Information provided:
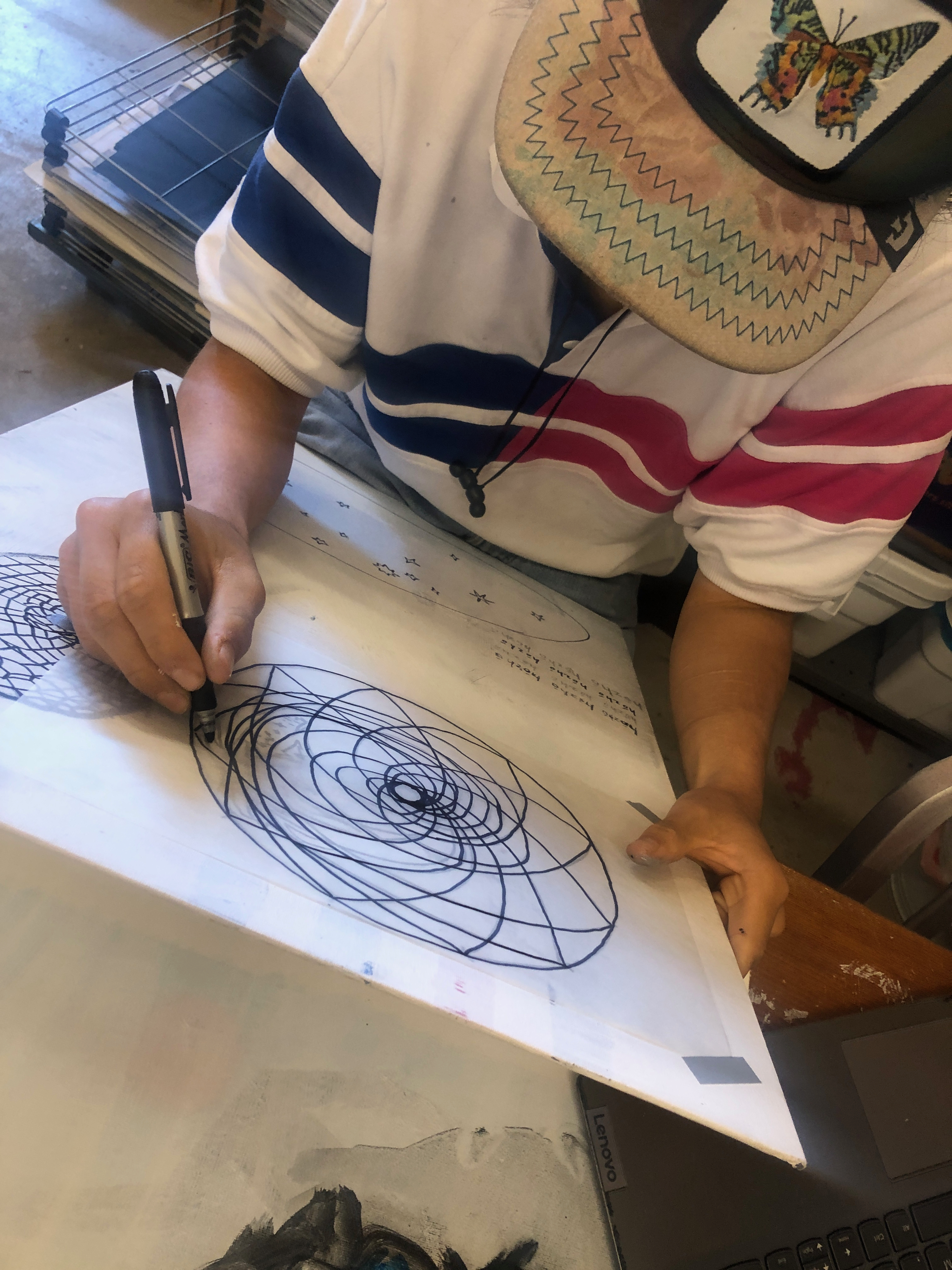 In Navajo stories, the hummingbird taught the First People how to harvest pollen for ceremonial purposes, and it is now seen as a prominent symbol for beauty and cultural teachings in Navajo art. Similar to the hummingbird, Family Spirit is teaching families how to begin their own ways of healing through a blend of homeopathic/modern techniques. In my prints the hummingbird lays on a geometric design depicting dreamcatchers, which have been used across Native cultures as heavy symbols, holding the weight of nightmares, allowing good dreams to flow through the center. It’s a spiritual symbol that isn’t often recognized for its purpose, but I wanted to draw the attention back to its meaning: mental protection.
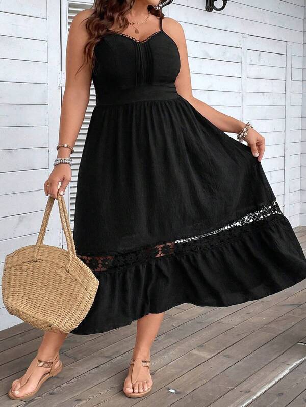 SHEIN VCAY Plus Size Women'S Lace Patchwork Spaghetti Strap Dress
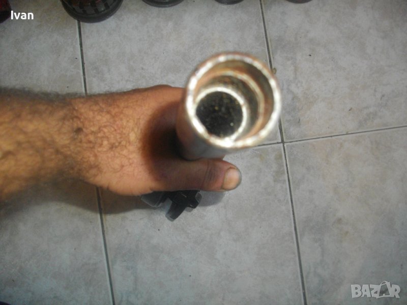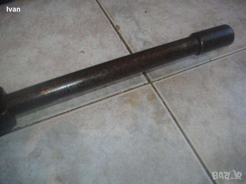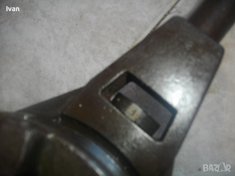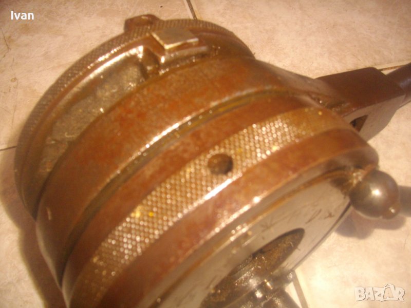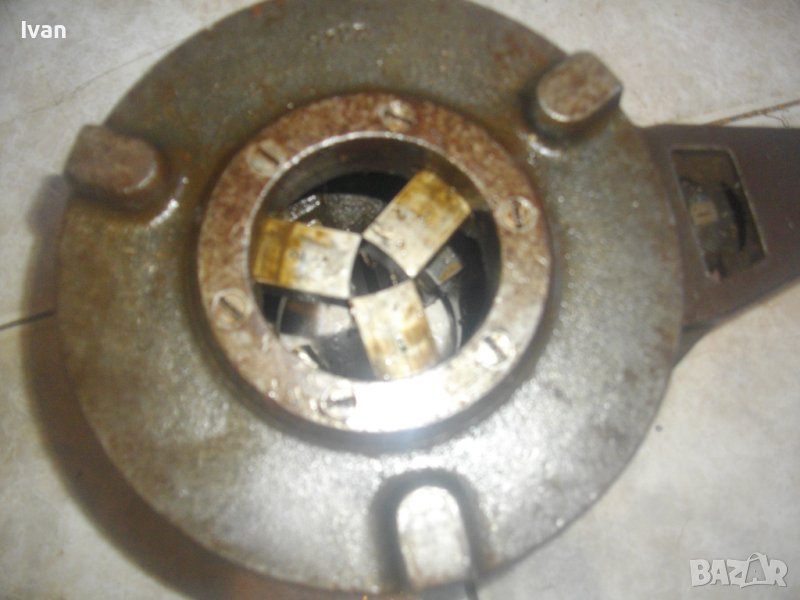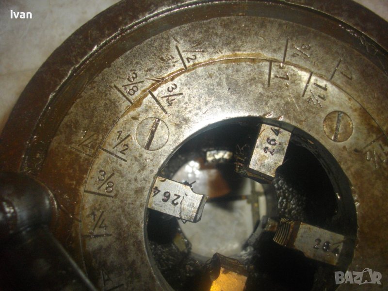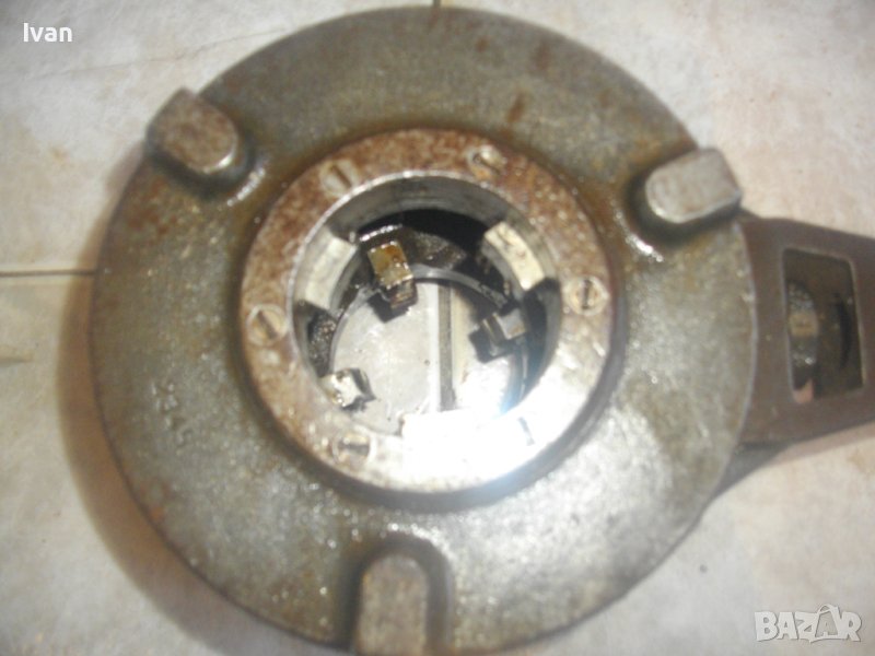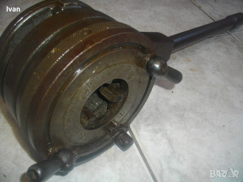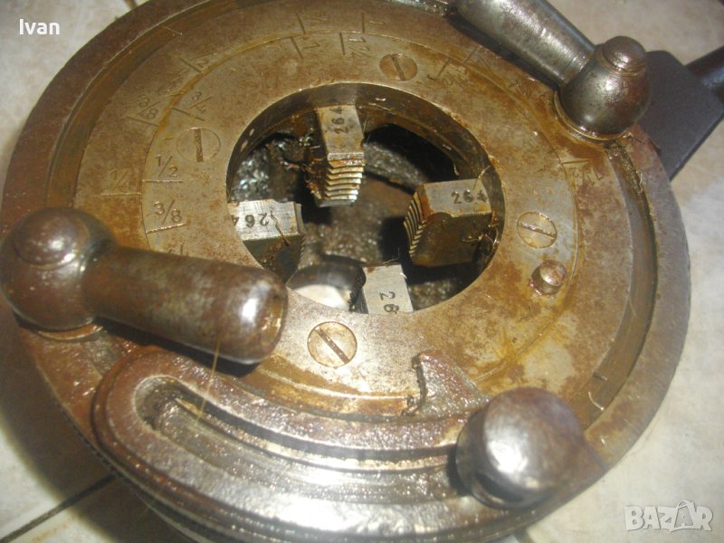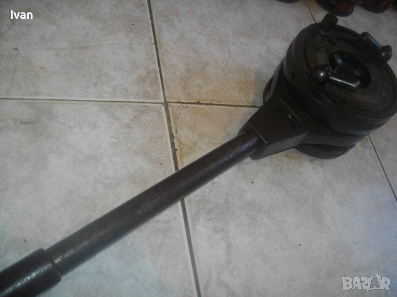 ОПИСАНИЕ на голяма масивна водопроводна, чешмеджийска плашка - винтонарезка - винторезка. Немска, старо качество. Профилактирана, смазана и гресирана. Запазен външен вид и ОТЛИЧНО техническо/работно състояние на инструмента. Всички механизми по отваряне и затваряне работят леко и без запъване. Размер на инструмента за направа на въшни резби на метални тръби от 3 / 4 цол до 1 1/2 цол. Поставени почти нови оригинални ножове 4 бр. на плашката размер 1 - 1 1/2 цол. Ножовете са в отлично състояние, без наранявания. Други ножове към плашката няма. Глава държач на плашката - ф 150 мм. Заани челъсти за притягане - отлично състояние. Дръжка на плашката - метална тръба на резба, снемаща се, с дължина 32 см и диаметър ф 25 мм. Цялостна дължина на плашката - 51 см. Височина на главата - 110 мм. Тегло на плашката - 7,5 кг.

About this exercise: Reproduce the data above line for line, from its first line through the line containing "SHEIN VCAY Plus", both ends included, with the pictures omitted and nothing more.

Solution to the problem:
 In Navajo stories, the hummingbird taught the First People how to harvest pollen for ceremonial purposes, and it is now seen as a prominent symbol for beauty and cultural teachings in Navajo art. Similar to the hummingbird, Family Spirit is teaching families how to begin their own ways of healing through a blend of homeopathic/modern techniques. In my prints the hummingbird lays on a geometric design depicting dreamcatchers, which have been used across Native cultures as heavy symbols, holding the weight of nightmares, allowing good dreams to flow through the center. It’s a spiritual symbol that isn’t often recognized for its purpose, but I wanted to draw the attention back to its meaning: mental protection.
 SHEIN VCAY Plus Size Women'S Lace Patchwork Spaghetti Strap Dress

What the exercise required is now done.